Start of Block

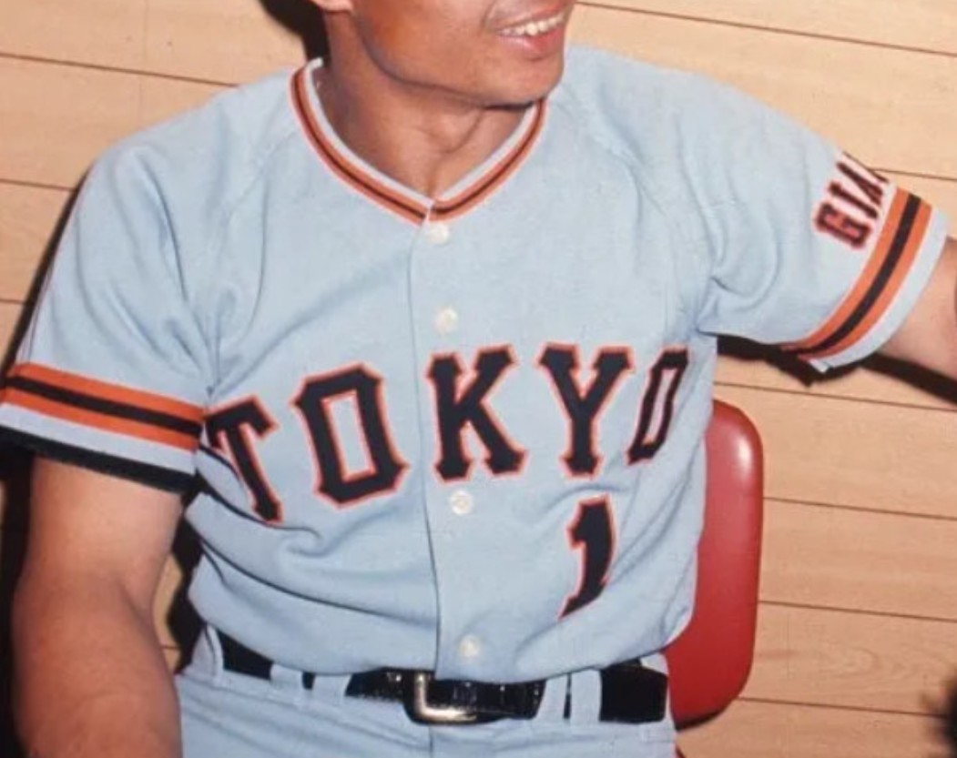 After Shigeo Nagashima's retirement as player and appointment as Giants' coach, also the away uniform was revamped, now ...using the same font as the San Francisco Giants and changing the colour to sky blue. The three stripes on the sleeves and the sides of the knees have been reduced to one and made thicker.
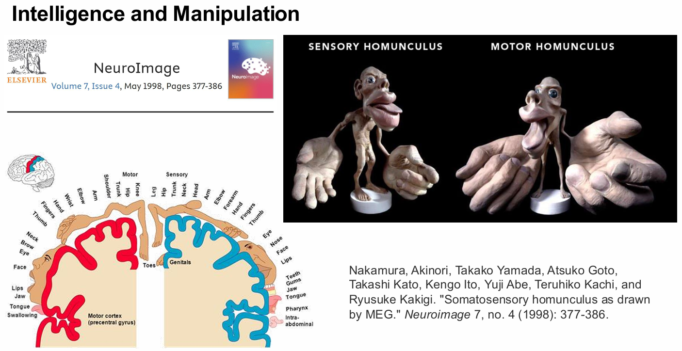 这些模型突出了手、嘴唇、舌头等部位在感知与操控中的重要性。
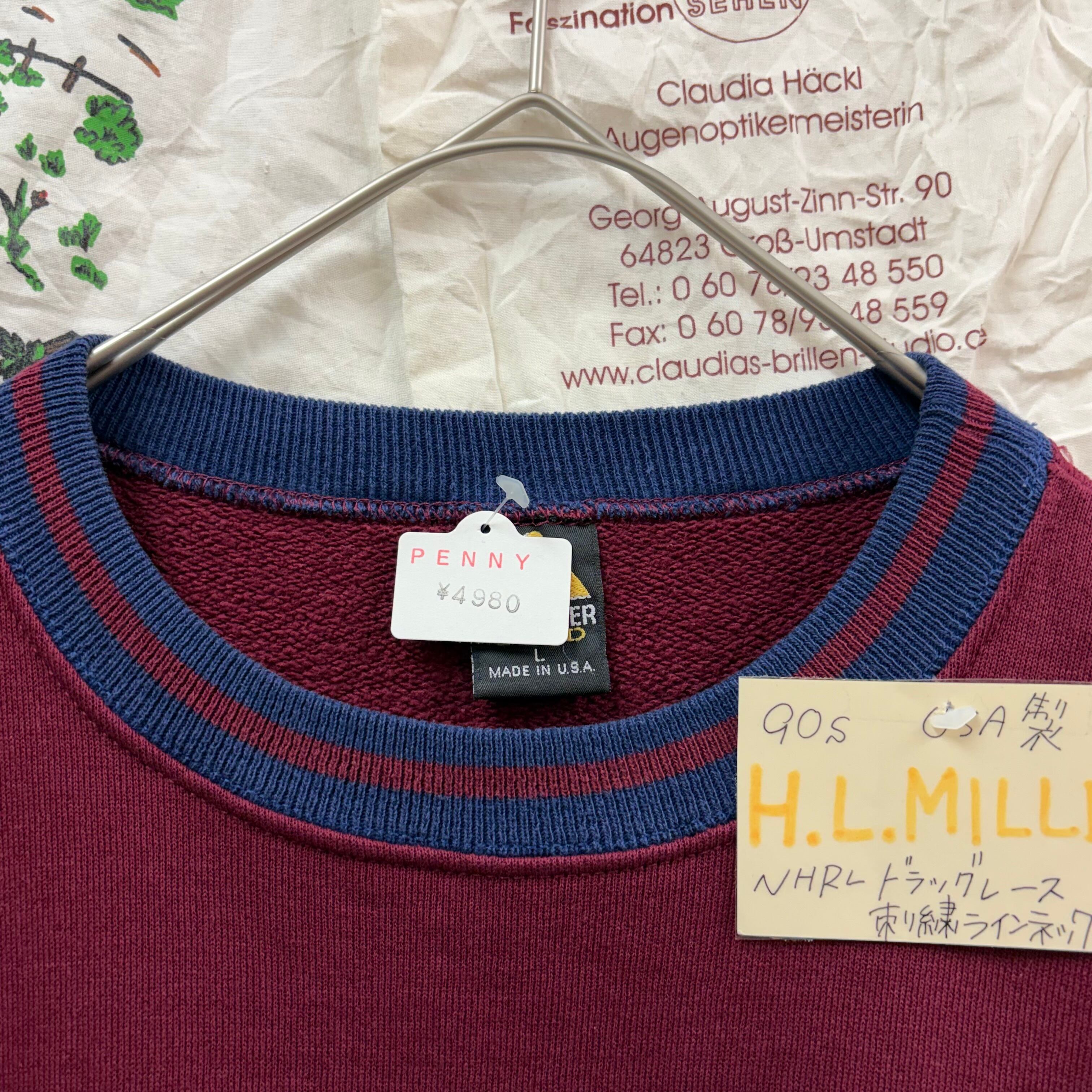90s USA製 H.L.MILLER NHRA ドラッグレース刺繍ラインネックスウェット

End of Block

WORK TO BE COMPLETED. Every line of the data above is to be set down word for word, with the pictures left out.

YOUR SOLUTION.
 After Shigeo Nagashima's retirement as player and appointment as Giants' coach, also the away uniform was revamped, now ...using the same font as the San Francisco Giants and changing the colour to sky blue. The three stripes on the sleeves and the sides of the knees have been reduced to one and made thicker.
 这些模型突出了手、嘴唇、舌头等部位在感知与操控中的重要性。
90s USA製 H.L.MILLER NHRA ドラッグレース刺繍ラインネックスウェット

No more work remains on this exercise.